The test passes when the collection name is also specified for each SearchPoints in the array (WithPayload is also needed to return the payload):

[Fact] public async Task SearchBatch() { await CreateAndSeedCollection("collection_1"); var batchResults = await _client.SearchBatchAsync( "collection_1", new SearchPoints[] { new() { CollectionName = "collection_1", Vector = { 10.4f, 11.4f }, Limit = 1, WithPayload = new WithPayloadSelector { Enable = true }}, new() { CollectionName = "collection_1", Vector = { 3.4f, 4.4f }, Limit = 1, WithPayload = new WithPayloadSelector { Enable = true } } }); Assert.Collection( batchResults, br => { var point = Assert.Single(br.Result); Assert.Equal(9ul, point.Id); var payloadKeyValue = Assert.Single(point.Payload); Assert.Equal("foo", payloadKeyValue.Key); Assert.Equal("goodbye", payloadKeyValue.Value.StringValue); }, br => { var point = Assert.Single(br.Result); Assert.Equal(8ul, point.Id); var payloadKeyValue = Assert.Single(point.Payload); Assert.Equal("foo", payloadKeyValue.Key); Assert.Equal("hello", payloadKeyValue.Value.StringValue); }); }

It looks to me like it may be a bug, and a consequence of the validation on SearchPoints for collection name invoked when validating SearchBatchPoints

Thanks for looking into this! I've modified the test so that it passes.

This indeed seems like a bug to me (especially the way in which it crashes). Given that these batch methods accept a collection outside of the batch, I'm assuming that referencing different collections within the same batch isn't supported.. So requiring the collection name inside the batch doesn't make sense.

Do you want to open an issue in Qdrant to flag this?

I've opened qdrant/qdrant#2880

This indeed seems like a bug to me (especially the way in which it crashes). Given that these batch methods accept a collection outside of the batch, I'm assuming that referencing different collections within the same batch isn't supported.. So requiring the collection name inside the batch doesn't make sense.

Yep, agreed. What do you think about not requiring the consumer to specify the collection name on each item, and instead, assigning the collection name to each item in the batch method in the high level client? In the scenario where a user assigns a different collection name to one or more of the items, it would mean we overwrite it, but the collection name of each item is ignored on the server side anyway- if the collection name is changed to some non-existent collection, the test still passes 🙂 So, the only requirement currently is to provide a value of at least length 1, perhaps the collection name is a sensible default?
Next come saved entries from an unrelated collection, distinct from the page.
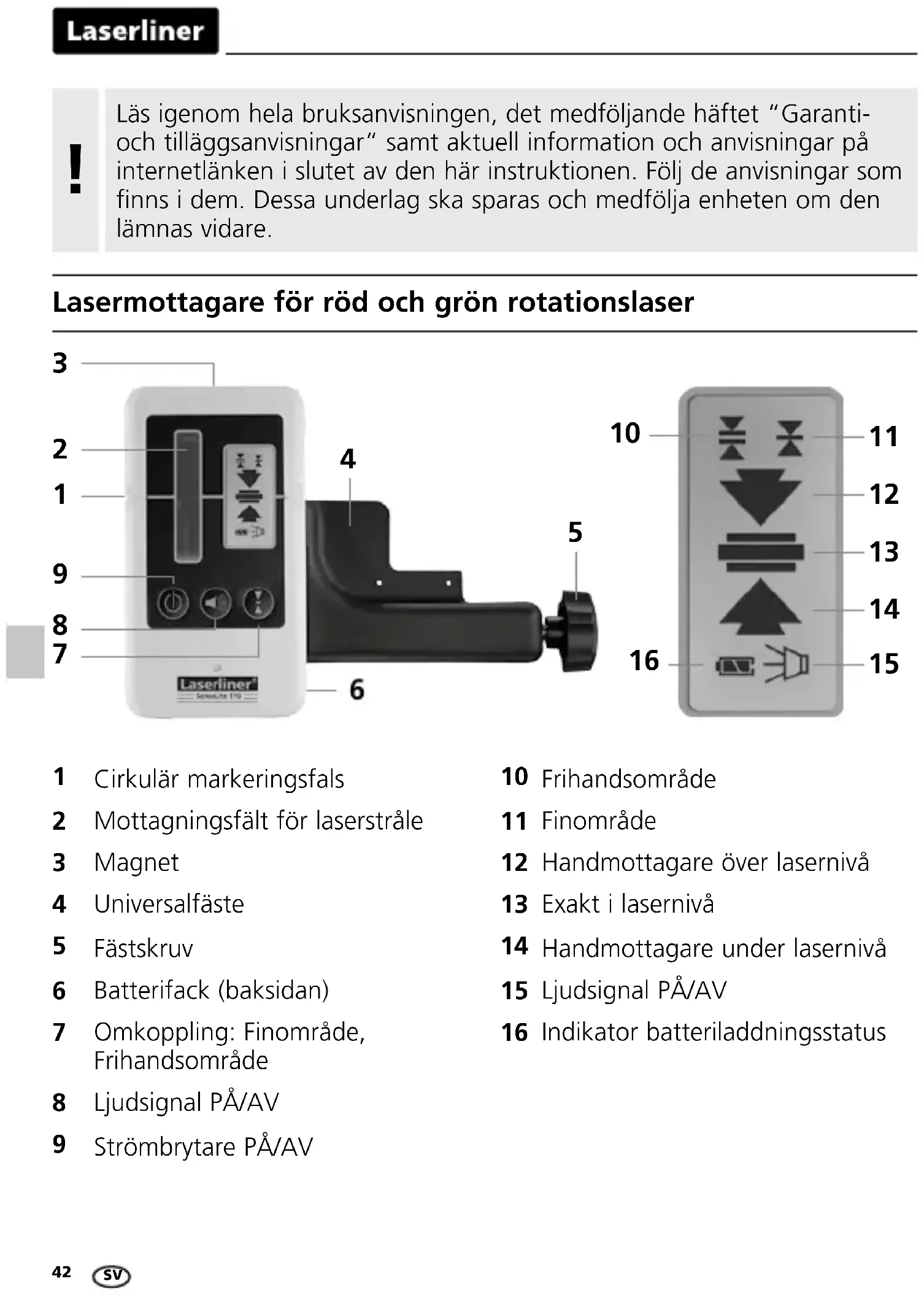 Lasermottagare för röd och grön rotationslaser Cirkulär markeringsfals Mottagningsfält för laserstråle Magnet Universalfäste Fästskruv Batterifack (baksidan) Omkoppling: Finområde, Frihandsområde Ljudsignal PÅ/AV Strömbrytare PÅ/AV Frihandsområde Finområde Handmottagare över lasernivå Exakt i lasernivå Handmottagare under lasernivå Ljudsignal PÅ/AV Indikator batteriladdningsstatus SVSensoLite 110 / SensoLite 110 G
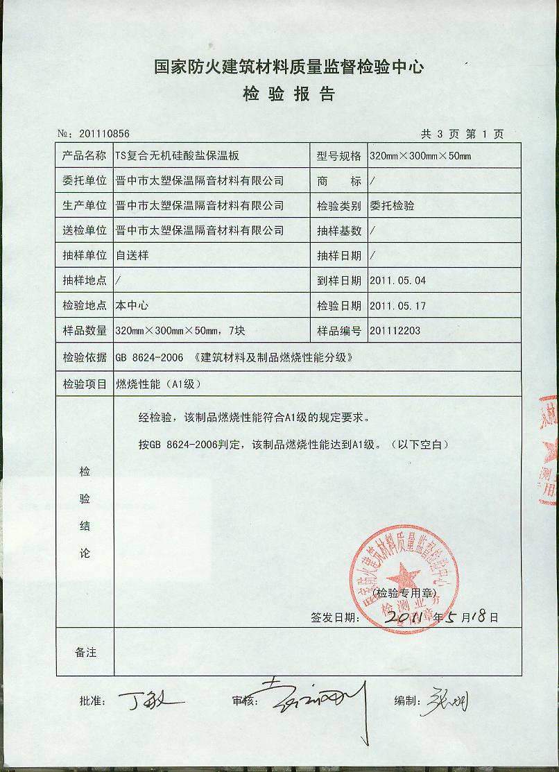 经检验,该制品燃烧性能符合A1级的规定要求。按GB 8624-2006判定,该制品燃烧性能达到A1级。(以下空白)
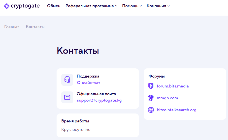 Техподдержка работает через форму обратной связи, Telegram аккаунт – @ cryptogate support, и электронную почту – support @ cryptogate kg.
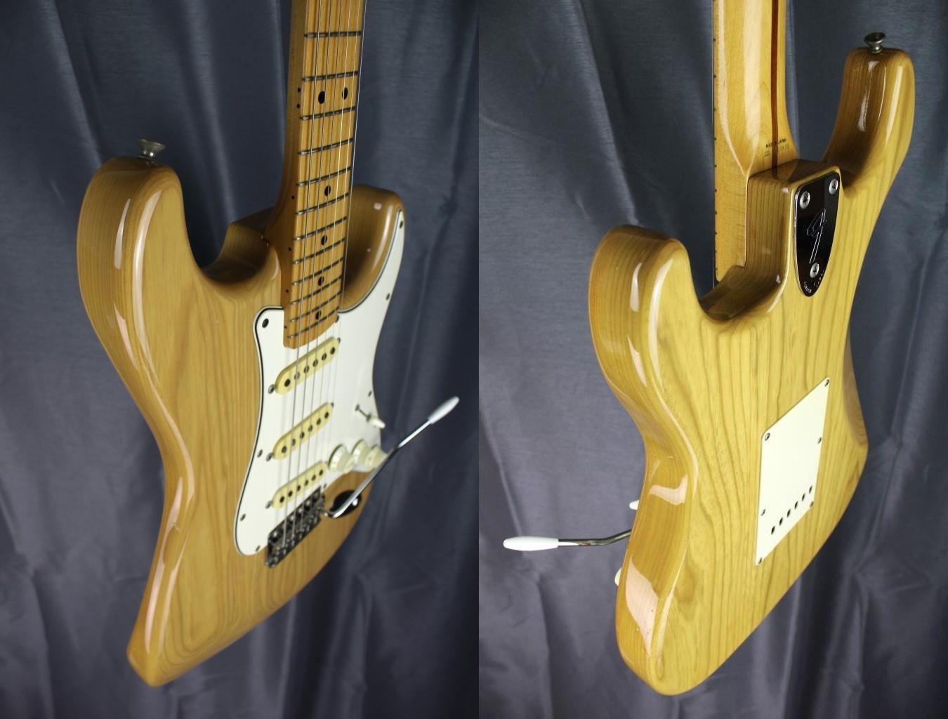 FENDER stratocaster, modèle ST-72’ ASH NAT, fabriquée au Japon dans la célèbre usine de Fuji-gen pour Fender en 1994. Excellente lutherie, vernis brillant et corps en frêne joliment veiné. Savoir-faire japonais.
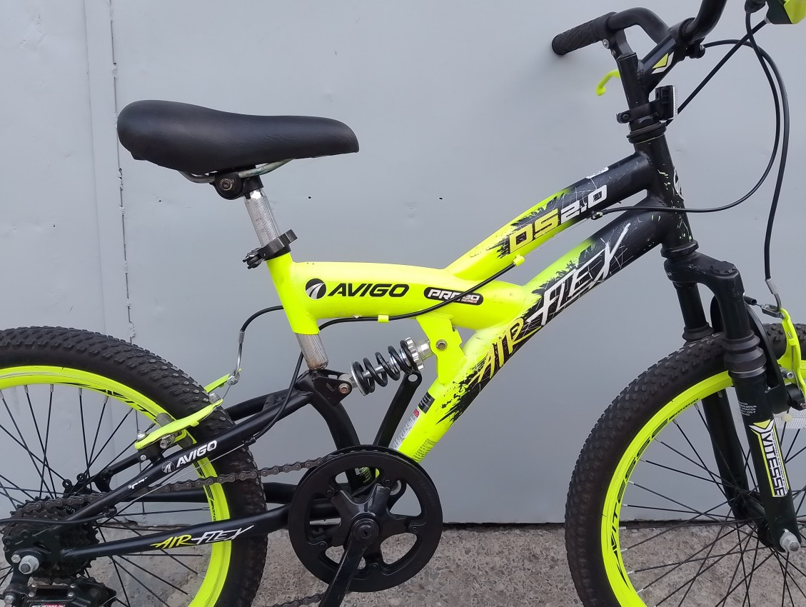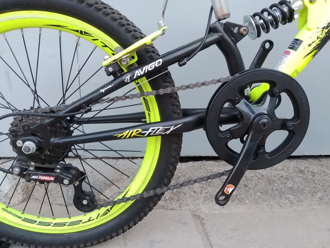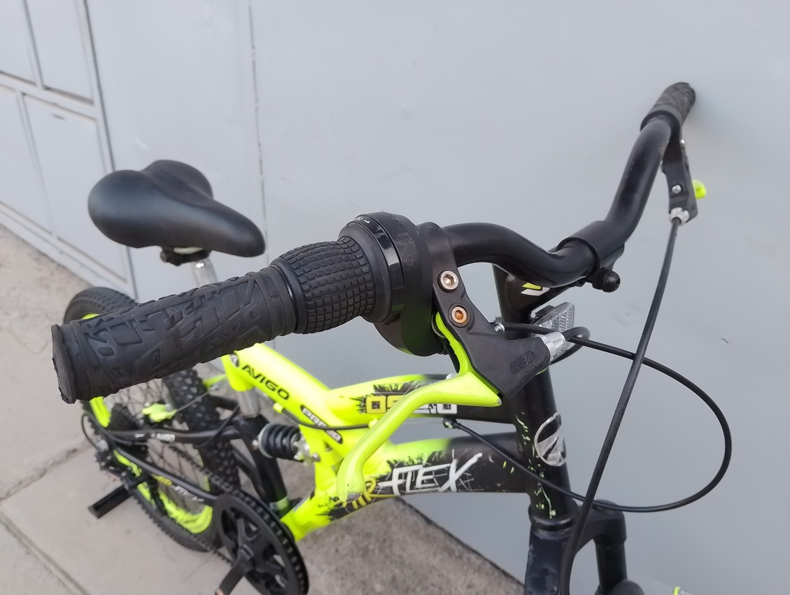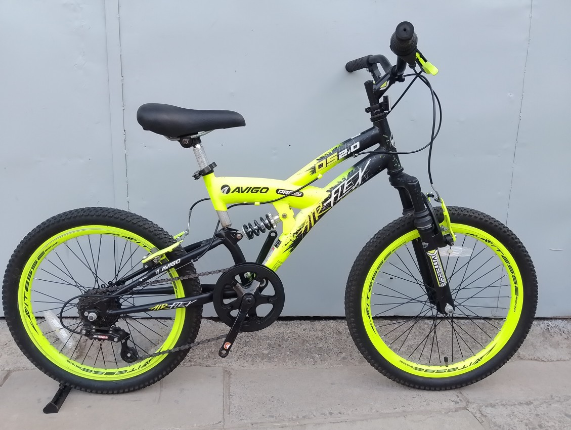 High quality used mountain bike. Wheel size 20. Frame material steel. Gear system 1x7 speed with grip shift. Cog type freewheel. Other features: Dual suspension with steel suspension fork. Suitable for ages 6-11 years.
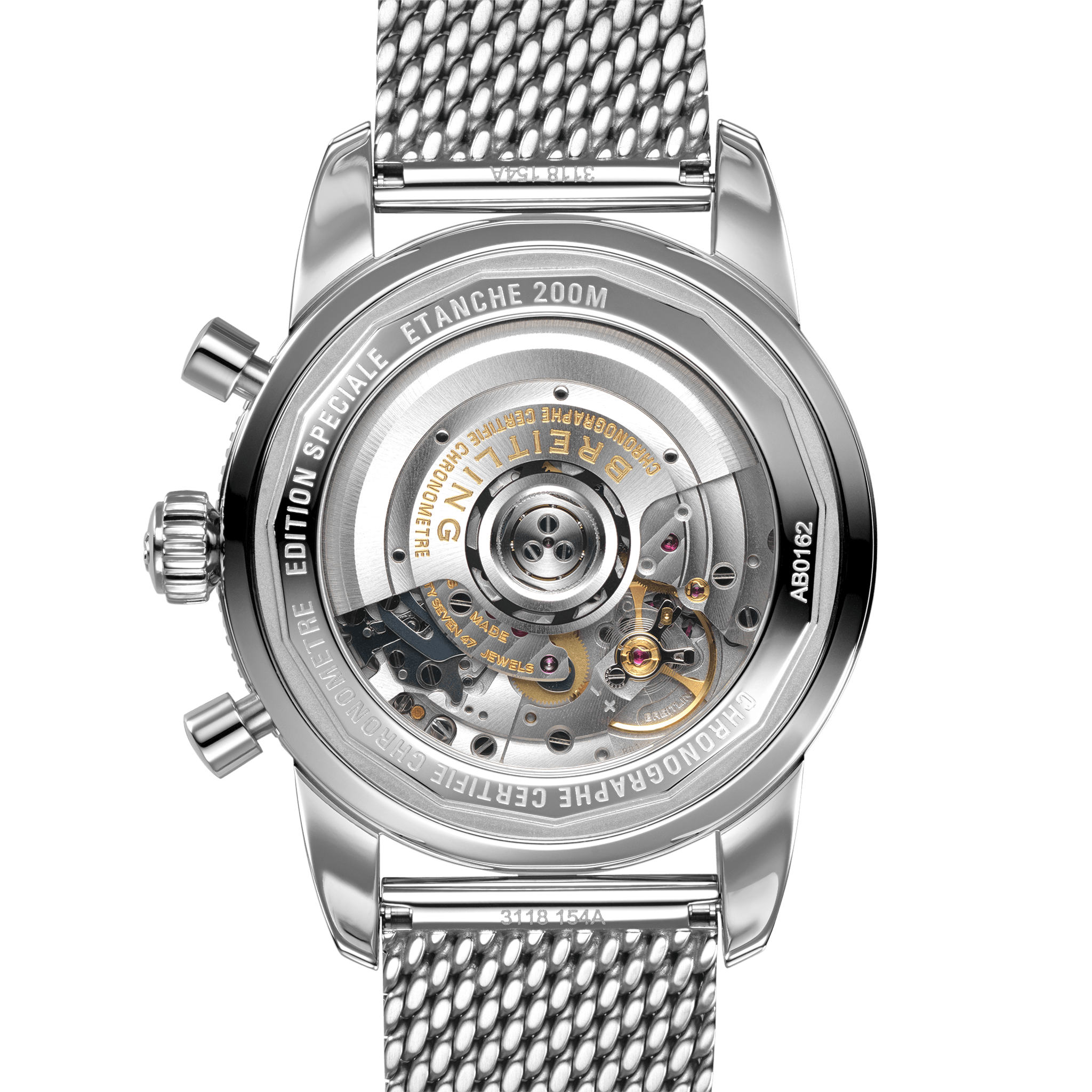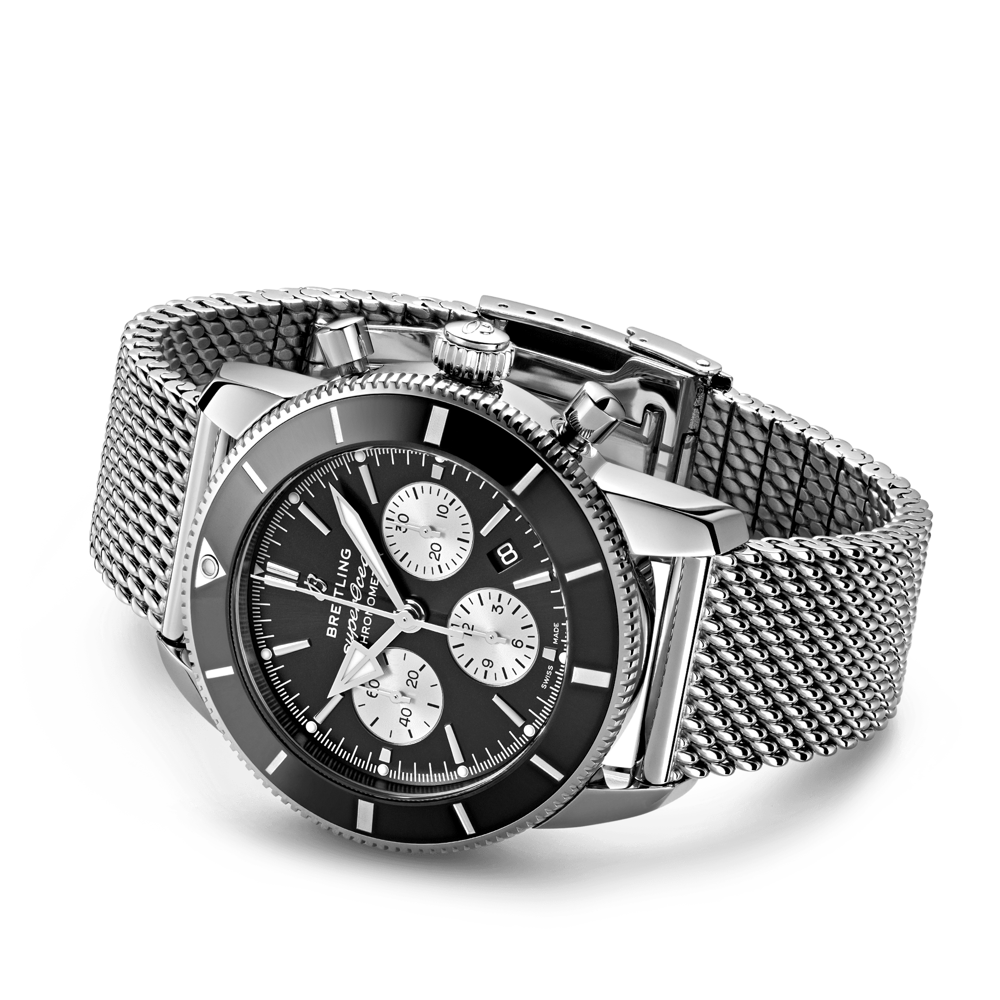 Breitling Superocean Heritage B01 Chronograph 44 watch, polished stainless steel case 44mm, Reference AB0162121B1A1. The model has Black dial with silver sub-dials and a “B” emblem below the 12 o’clock position. This watch is bold the iconic triangular-shaped large silver-tone different hands of polished steel with bold luminescent fill and applied polished stainless steel index hour markers with painted luminescent dot hour markers. Fine printed minute/seconds track on the outer perimeter. Date window located between the 4 and 5 o’clock position. The dial closed by a Cambered Scratch-resistant Sapphire Crystal with glare-proofed both sides. The watch has polished Stainless steel screw-locked crown with two gaskets. The crown has a ribbed edge for a comfortable grip. On end there is Breitling logo is applied. They have transparent case back of Sapphire Crystal made. The watch is equipped Stainless Steel unidirectional-ratcheted rotating fluted bezel with a black ceramic top ring with silver in the form of index markers and a triangle at the origin. The Model comes with Breitling Caliber B01 contains 47 Jewels and has an approximate power reserve of 70 hours. The watch presented on the polished Aero Classic bracelet with Folding Clasp with Safety Latch. The water resistance is up to 200m/660ft.

Good idea! At least as a temporary workaround for the Qdrant-side bug... Hopefully they'll fix it on their side soon.

(pushed)

roji · 2023-10-19T20:10:43Z

src/Qdrant.Client/QdrantClient.cs

+	/// </param>
+	public async Task<IReadOnlyList<ScoredPoint>> SearchAsync(
+		string collectionName,
+		ReadOnlyMemory<float> vector,


Note us accepting a ReadOnlyMemory<float> here.. We're generally trying to standardize over ROM<float> .NET as the representation of embeddings as much as possible.

Unfortunately, since we're not wrapping everything, other APIs which deal with embeddings still accept only the protobuf-generated RepeatedField<float>; there's not much we can do about that unless more flexibility is added to the protobuf code generation, or if we decide to go all-in and wrap everything.

Using ROM<float> is therefore a bit inconsistent. On the other hand, accepting a RepeatedField<float> here would be kinda senseless, since we'd need to copy it into the RepeatedField property on the gRPC-generated SearchPoints type inside (RepeatedField properties aren't assignable; you can only add into them).

ROM<float> does have the advantage of accepting an array or a slice of an array, and if it's an array there's an optimization for the copying internally inside RepeatedField. So while not perfect, I think this seems like a reasonable compromise... Let me know your opinion @russcam.

/cc @stephentoub

Sounds reasonable to me. I'd be for extending protobuf code generation in future if this is the general direction .NET is taking

Note that there's Marc Gravell's protobuf-net as an alternative to the Google Protobuf package; it generally generates more idiomatic C# code, e.g. using List<T> or arrays for repeated values instead of RepeatedField<T>. It also optionally allows these to have setters, which can allow users to just set the list directly rather than copy values in (which is required in the Google RepeatedField<T> case and hurts performance).

I'm guessing it's much more likely that we can get Marc to add support for ReadOnlyMemory<T> as an additional alternative to list/array, than to make the same change in the Google package. I actually experimented with switching over to protobuf-net, and it works well (I have a branch with that work). Let me know if you're interested in this - if we want we can make that switch before publishing the first Qdrant SDK package (to avoid breaking changes later).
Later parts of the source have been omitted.